Five years ago, two small health clinics in Mississippi and South Boston embarked on a mission to provide high-quality health care to residents in their communities regardless of whether or not they could pay. Since then, that mission has grown into a national program supporting 9,000 sites across 1,300 community-based health centers and serving 23 million people, called the Health Center Program.
Health and Human Services announced on Tuesday that $169 million in ACA funding will be allotted to 266 new health center sites in 46 states, the District of Columbia and Puerto Rico. The centers are expected to increase access to health care services for over 1.2 million patients across the country.
These funds build on the $101 million that was awarded to 164 new health center sites in May 2015.
In a blog post, HHS Secretary Sylvia Mathews wrote that health centers are on the front lines of transforming our health care system. “In health centers across the country, providers are working as teams to coordinate their patients’ care. As a result, patients are put in the center of their own care – empowered, educated and engaged to take charge of their health,” she wrote.

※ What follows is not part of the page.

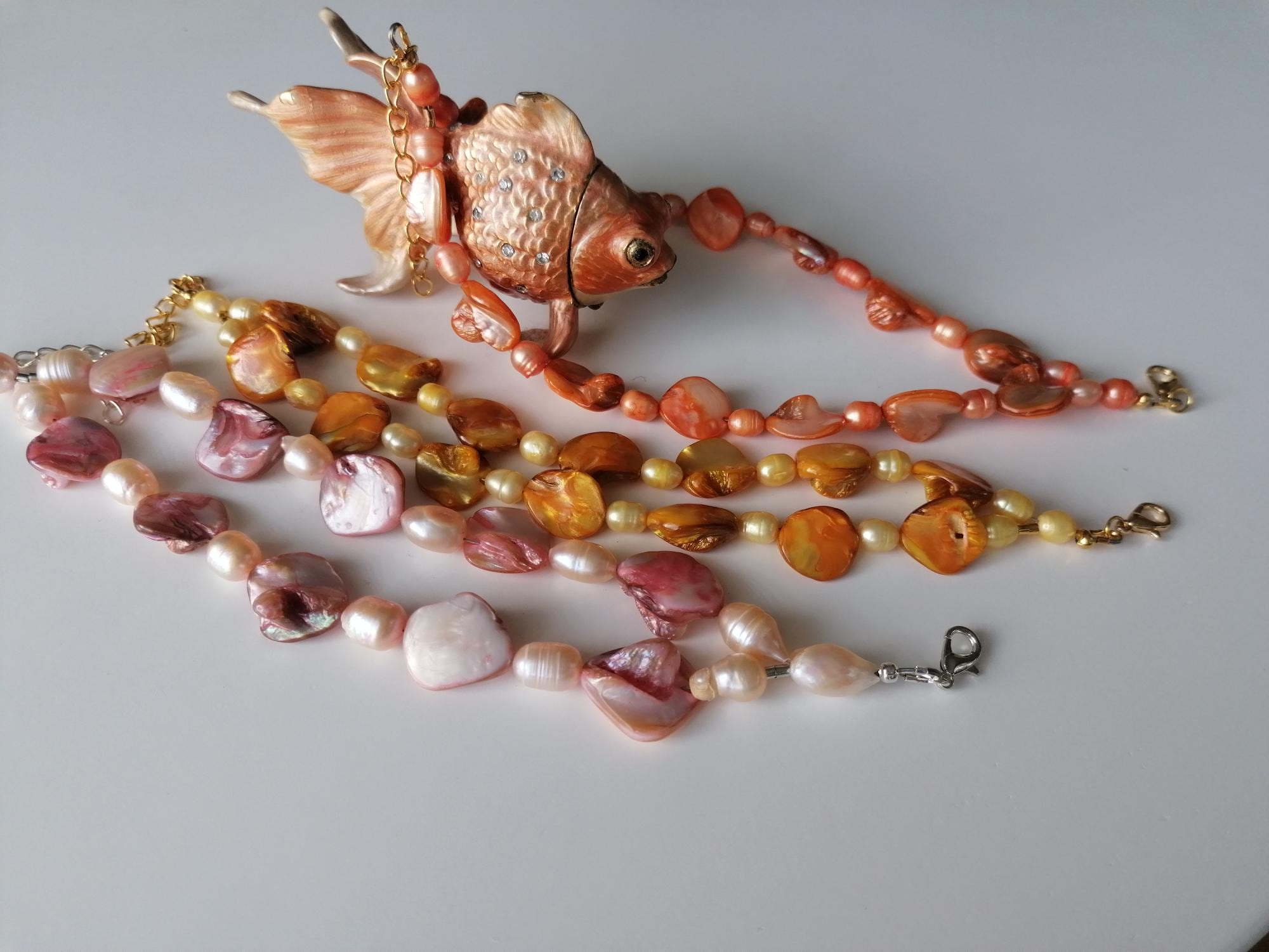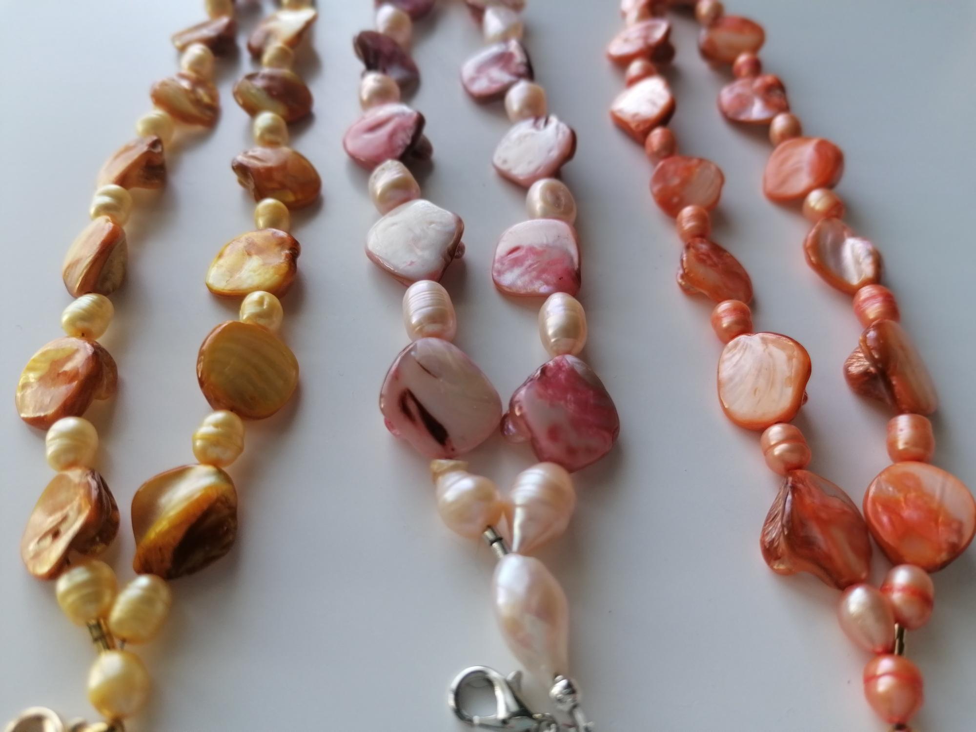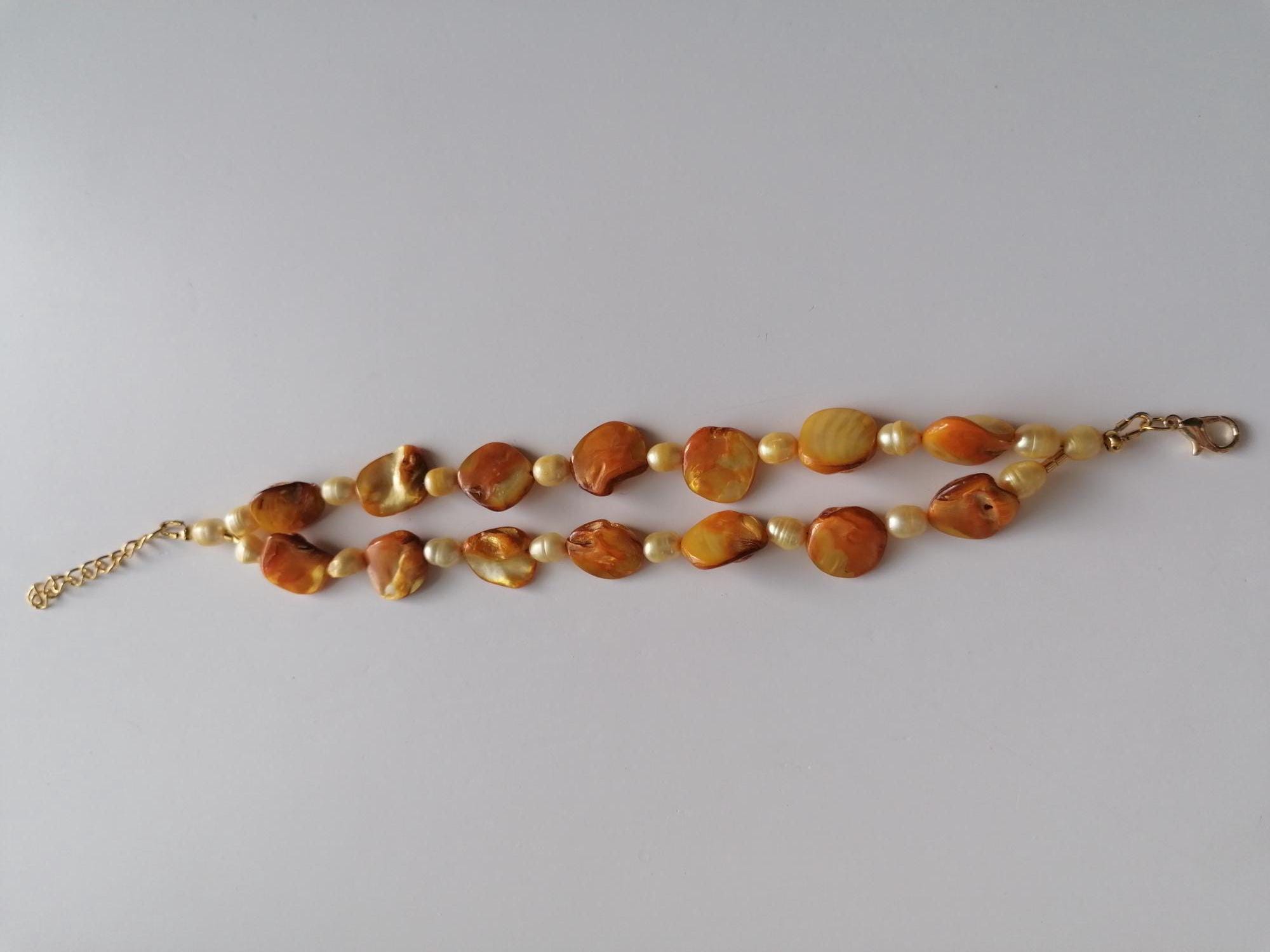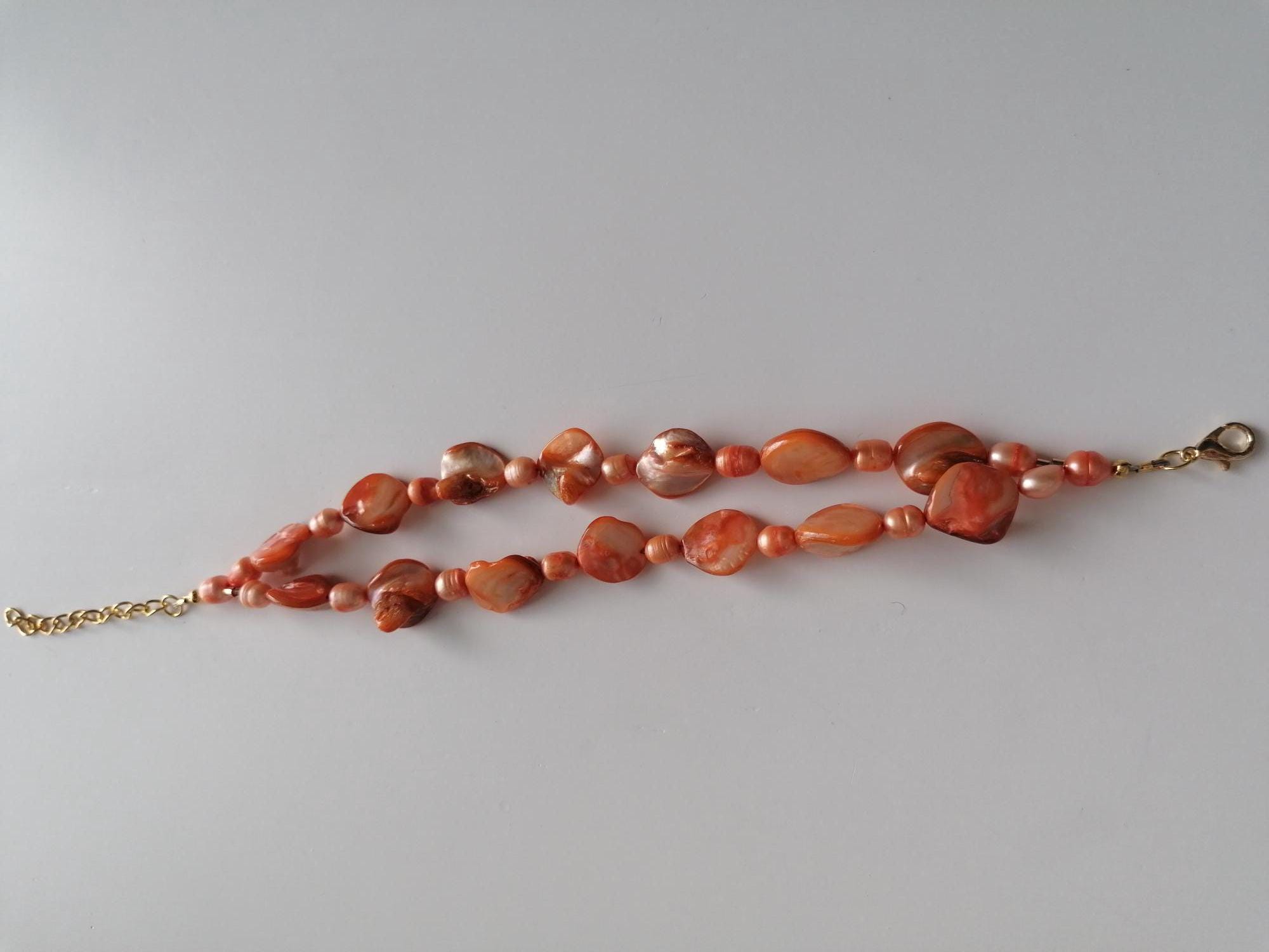 There are 3 bracelets to choose from: in rose/peach, in yellow and in orange. The mother-of-pearl pearls are approx. 10 mm - 14 mm (side), the freshwater pearls in rose are approx. 8 mm - 12 mm, in yellow and orange are approx. 7 mm - 11 mm. The bracelet length is approx. 20 cm plus an extension chain. The chain clasp and the extension chain in the rose version are silver, in the yellow and orange versions they are gold.

One in 14 people in the U.S. receive primary care from a health center. For those patients, the health centers are providing quality treatment — over 69 percent of health centers are recognized by national organizations as patient-centered medical homes, which is the most promising model of high-quality primary care.
Even though the health centers treat a sicker, poorer, more diverse population than other health care providers, they outperform national averages in chronic disease management, preventive services and perinatal measures, according to Mathews.